Exxon Mobil Corp. (NYSE: XOM) has set its first company-wide targets for cutting the emissions from its operations, as the largest U.S. oil group attempted to curb its contribution to the threat of climate change.
The company is setting targets to reduce leaks of methane by 15%, and flaring of unwanted gas by 25%, by 2020, and will be deploying new equipment at its operations to achieve those goals.
Methane, which is the principal component of natural gas, is a potent greenhouse gas, with a contribution to global warming that is many times greater than carbon dioxide.
The announcement followed pressure from investors for Exxon Mobil and other energy companies to clarify how they would cope with international pressure for curbs on greenhouse gas emissions.
Sara Ortwein, president of Exxon Mobil’s shale oil and gas subsidiary XTO Energy, said the initiative reflected the group’s commitment to “improving the efficiency of our operations and reducing and mitigating greenhouse gas emissions.”
She added that Exxon Mobil aimed to meet demand for oil and gas while “doing it in an environmentally responsible manner.”
Matt Watson of the Environmental Defense Fund described the move as “an important and welcomed step” but said “greater ambition” would be needed.

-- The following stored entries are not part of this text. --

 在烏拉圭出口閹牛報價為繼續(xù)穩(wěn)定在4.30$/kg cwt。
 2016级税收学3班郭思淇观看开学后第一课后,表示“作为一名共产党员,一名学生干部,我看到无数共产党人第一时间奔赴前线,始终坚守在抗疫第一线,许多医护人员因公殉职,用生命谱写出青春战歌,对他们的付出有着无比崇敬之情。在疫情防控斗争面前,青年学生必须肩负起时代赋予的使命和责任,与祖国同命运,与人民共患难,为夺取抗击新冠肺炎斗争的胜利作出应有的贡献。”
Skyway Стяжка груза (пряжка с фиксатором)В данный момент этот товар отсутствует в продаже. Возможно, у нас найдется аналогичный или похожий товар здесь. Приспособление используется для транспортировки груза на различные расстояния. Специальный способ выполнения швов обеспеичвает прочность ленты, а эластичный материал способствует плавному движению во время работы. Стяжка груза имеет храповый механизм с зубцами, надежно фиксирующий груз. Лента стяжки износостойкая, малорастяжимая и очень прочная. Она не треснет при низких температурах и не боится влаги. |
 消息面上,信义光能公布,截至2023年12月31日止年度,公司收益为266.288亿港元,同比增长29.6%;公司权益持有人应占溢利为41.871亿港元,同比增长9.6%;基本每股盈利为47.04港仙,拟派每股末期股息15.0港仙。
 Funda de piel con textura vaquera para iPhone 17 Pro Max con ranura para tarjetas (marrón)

He added: “In a carbon-constrained world, oil and gas industry leaders should seek to virtually eliminate emissions of this highly-potent greenhouse gas.”
Exxon Mobil was one of eight large oil groups, also including BP Plc, Royal Dutch Shell Plc and Total SA, that last year signed up to a set of “guiding principles” for reducing releases of methane from their operations. BP has also set a target of “zero net growth” in emissions from its operations out to 2025.

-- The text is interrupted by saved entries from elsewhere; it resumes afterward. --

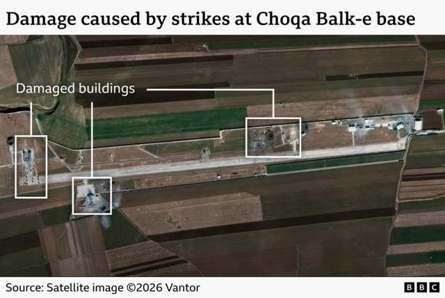 图像,乔卡巴尔克(Choqa Balk-e)无人机基地遭到攻击。
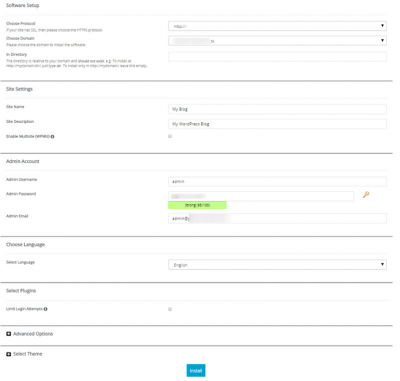 При нажатии кнопки Install производится переход к диалогу установки. На данном этапе нужно указать, для какого домена будет произведена установка, вид, по которому будет доступен сайт (http: либо https: , если у вас есть SSL-сертификат, также домен с www либо без), указать название и ввести краткое описание сайта, и логин/пароль администратора ресурса. После ввода всех указанных данных нужно нажать кнопку Install внизу страницы. После этого будет произведен процесс установки, и после ее завершения выведено уведомление об успешном завершении.
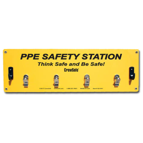 Keep your gloves and other personal protective equipment (PPE) organized and within reach with a CrewSafe PPE Safety Station. Designed with 4 heavy duty, wide mouth clips and 2 large hooks to keep our safety gloves and smallwares organized and safely at hand. Perfect for busy work stations where multiple safety tools are used.

Exxon Mobil’s planned reductions in methane leakage of 15% from 2016 levels by 2020 will come from rolling out new technologies and practices, such as infrared detection of leaks from pipelines and other equipment, which have been first deployed at XTO operations in Texas. Exxon Mobil has already cut its emissions by 2% last year as a result of the initial implementation on those
Methane leakage has been a politically controversial issue in the U.S., with the Trump administration seeking to roll back restrictions imposed under President Barack Obama, but Exxon Mobil has suggested some regulation is needed.

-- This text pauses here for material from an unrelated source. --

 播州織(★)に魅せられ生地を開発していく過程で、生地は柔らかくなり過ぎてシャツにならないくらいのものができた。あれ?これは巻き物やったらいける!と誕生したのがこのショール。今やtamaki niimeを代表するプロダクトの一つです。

Ortwein wrote in a blog post: “The correct mix of policies and regulations could help the entire industry raise the bar.”
The planned 25% reduction in flaring is intended to be achieved through finding alternative uses for the unwanted gas that is currently being burnt off, mostly in Exxon Mobil’s operations in West Africa. The company is looking at a range of options for the gas, including selling it to other businesses and using it in Exxon Mobil’s own operations.
At its annual meeting on May 30, Exxon Mobil will face a shareholder proposal calling for the appointment of an independent chairman separate from the CEO, to strengthen governance in the face of the “unprecedented rate of change facing companies regarding climate change.”
A resolution calling for an independent chairman was defeated last year, winning the support of investors with about 38% of Exxon Mobil’s shares, slightly less than similar proposals secured a decade ago.
However, Exxon Mobil has in recent years been responding to shareholder calls for greater oversight of the company, and last year agreed to publish a report on the possible impact of climate policies on its operations.